Нина Кузнецова стояла у окна. В палате было почти темно, и только неяркий свет из коридора освещал ее фигуру. Соседка ее, по всей видимости, спала.
— Можно войти? — Катя почему-то остановилась на пороге.
— Конечно, входите. — Нина обернулась. — Свет включите там.
Катя протянула руку. Щелчок — и комната осветилась. Лампочка была маломощная. Видимо, на электричестве тут экономили.
— Я курточку повешу? Ничего, что я в обуви? Кузнецова все молчала. Катя повесила куртку в шкаф,
мельком оглядев все, что там было.
— Ну, здравствуйте, — нарочито бодрым голосом проговорила она.
— Здравствуйте.
Внезапно Катя растерялась. Эта худая бледная женщина с лицом и фигурой подростка смотрела на Катю таким понимающим взглядом, что ей стало не по себе. «Она знает, зачем я пришла».
— Я пришла предъявить вам для опознания фоторобот человека, которого мы подозреваем в убийстве вашего мужа, — официальным голосом сказала Катя. — Да. Извините. — Она совсем растерялась и полезла в сумку за удостоверением. — Лейтенант Скрипковская.

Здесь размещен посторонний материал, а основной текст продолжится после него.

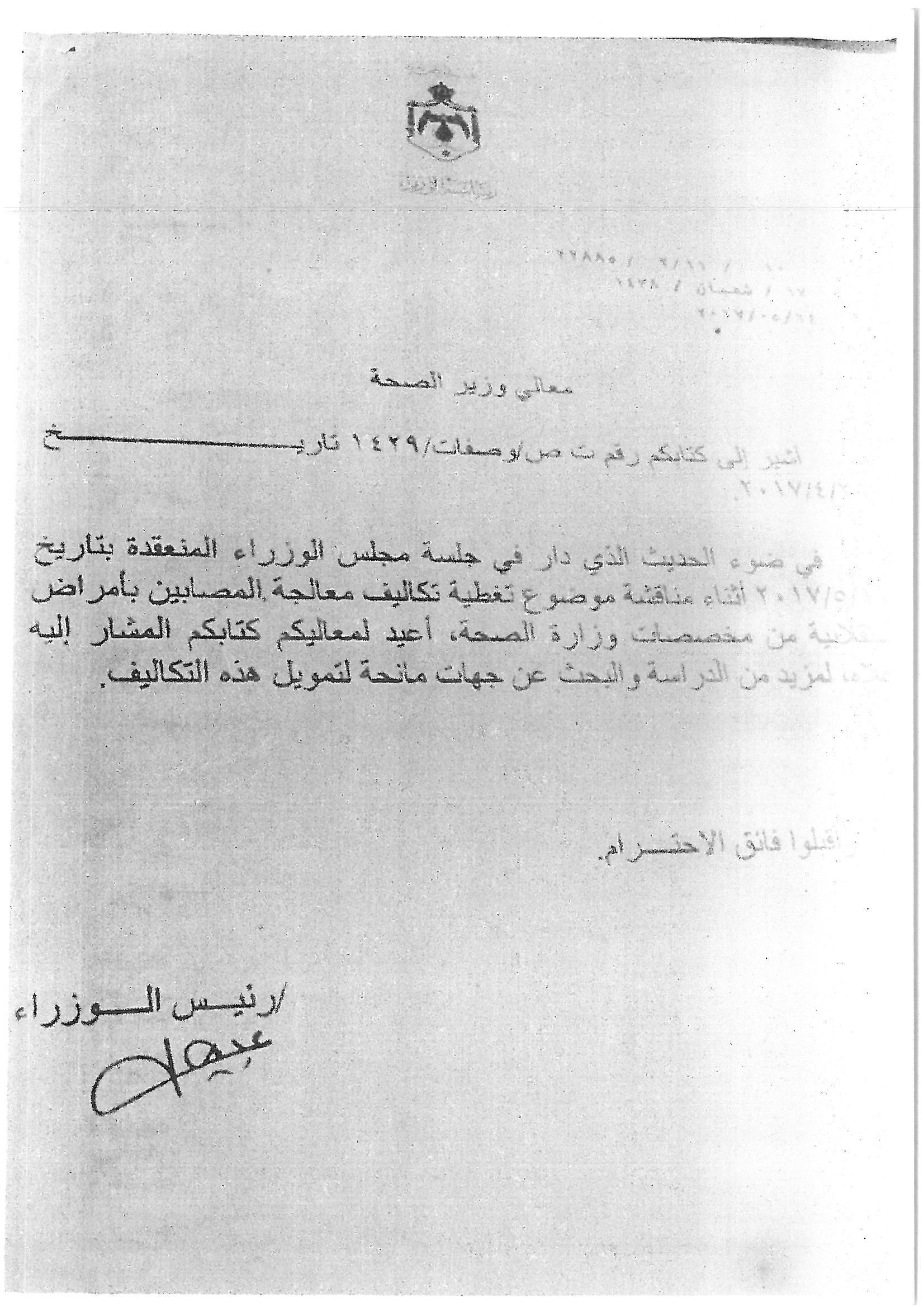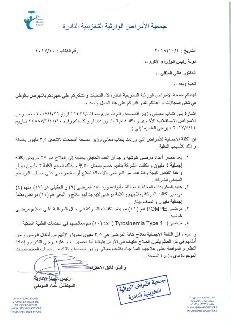 وفي إبريل/نيسان 2017 كتب وزير الصحةآنذاك محمود الشيابإلى رئيس الحكومةمطالبا بالموافقة على علاج 50 مريضا بمرض جوشر و30 مريضا بأمراض استقلابية أخرى بتكلفة اجمالية 6.5 مليون دينار سنويا. وأشار إلى أن عددا من مرضى جوشر يتلقون علاجا على حساب الشركة المصنعة التي تعرض خصما بمقدار النصف على تكلفة علاج باقي الحالات. لكن رئاسة االحكومة ردت على الوزارة مطالبة بالبحث عن جهات تمويل لتلك التكاليف. وحين كتبت الجمعية الأردنية للأمراض الوراثية التخزينيةإلى رئاسة الحكومة موضحا أن التكلفة لا تتجاوز 3.5 مليون دينار حسب تقديرات الجمعية لكن المراسلات انتهت إلى هيئة التأمين الصحي وسط حالة من الجمود.

— Не нужно, — тихим голосом сказала Кузнецова. — Я вам верю. — Она взяла у нее из рук листок и повернула его к свету, посмотрела и вернула Кате. — Я не помню, — усталым голосом проговорила она. — Мне кажется… Нет, не помню.

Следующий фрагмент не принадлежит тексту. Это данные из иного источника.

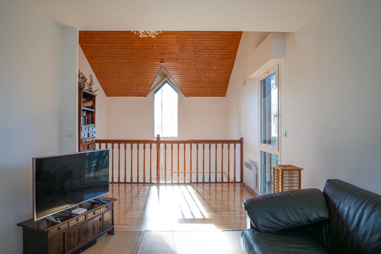 Concernant l'étage il dispose d'une chambre parentale avec sa salle de bains et WC, une seconde chambre, et un coin nuit ou bureau donnant sur une mezzanine, une douche avec WC desservant les deux autres chambres.

— Посмотрите внимательнее, — настаивала Катя, — его предположительно зовут Виктор. Он был с вами на пикнике, в мае. Помните? Вы ездили с мужем и со своей подругой. Его видела ваша консьержка в тот вечер, когда убили вашего мужа. Она его опознала.

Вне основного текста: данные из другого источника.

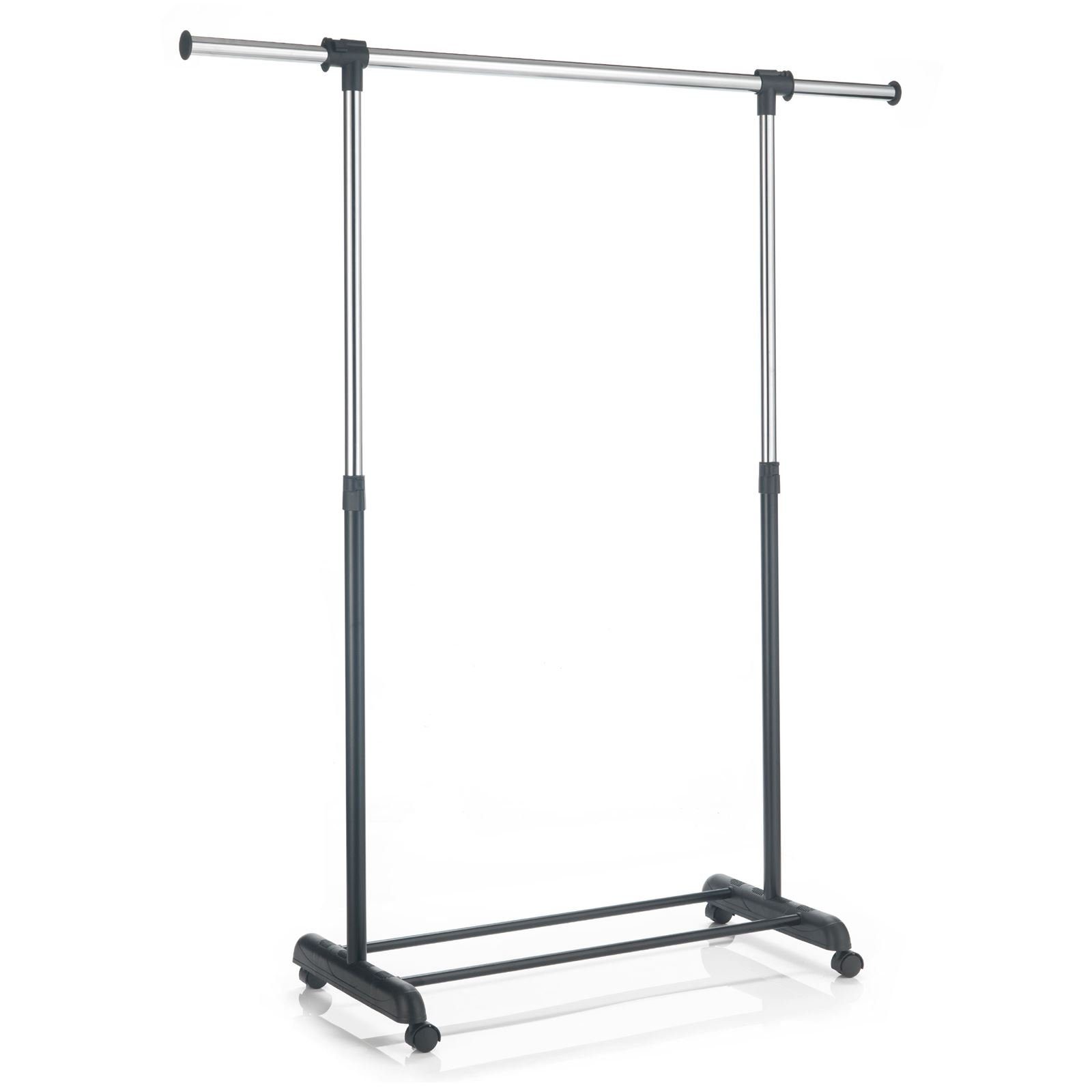 haben Sie Ihre Kleidung jederzeit griffbereit. Durch die praktische stufenlose Höhenverstellbarkeit, können Sie die Rollgarderobe Ihren Ansprüchen individuell anpassen und zugleich Ihre Kleidung trendig präsentieren. Dank der 4 Rollen ist ein problemloses Verschieben der Garderobe möglich.

— Нет, не помню. — Нина положила листок на тумбочку изображением вниз. Консьержка и ее видела! И что, она и ее узнала?
— Ну, хорошо… Еще несколько вопросов к вам, Нина Анатольевна,
Нина молча кивнула.
— Скажите, ваш муж когда-нибудь ссорился с Германом Томащевским? Малышева и ее мать говорят, что они постоянно ругались, и соседка ваша сказала, что они ссорились в тот день, когда вашего мужа убили. Ваш муж даже ударил Томашевского.
— Герку? Вот это да! — Нина внезапно развеселилась. — И теперь что, вы его подозреваете?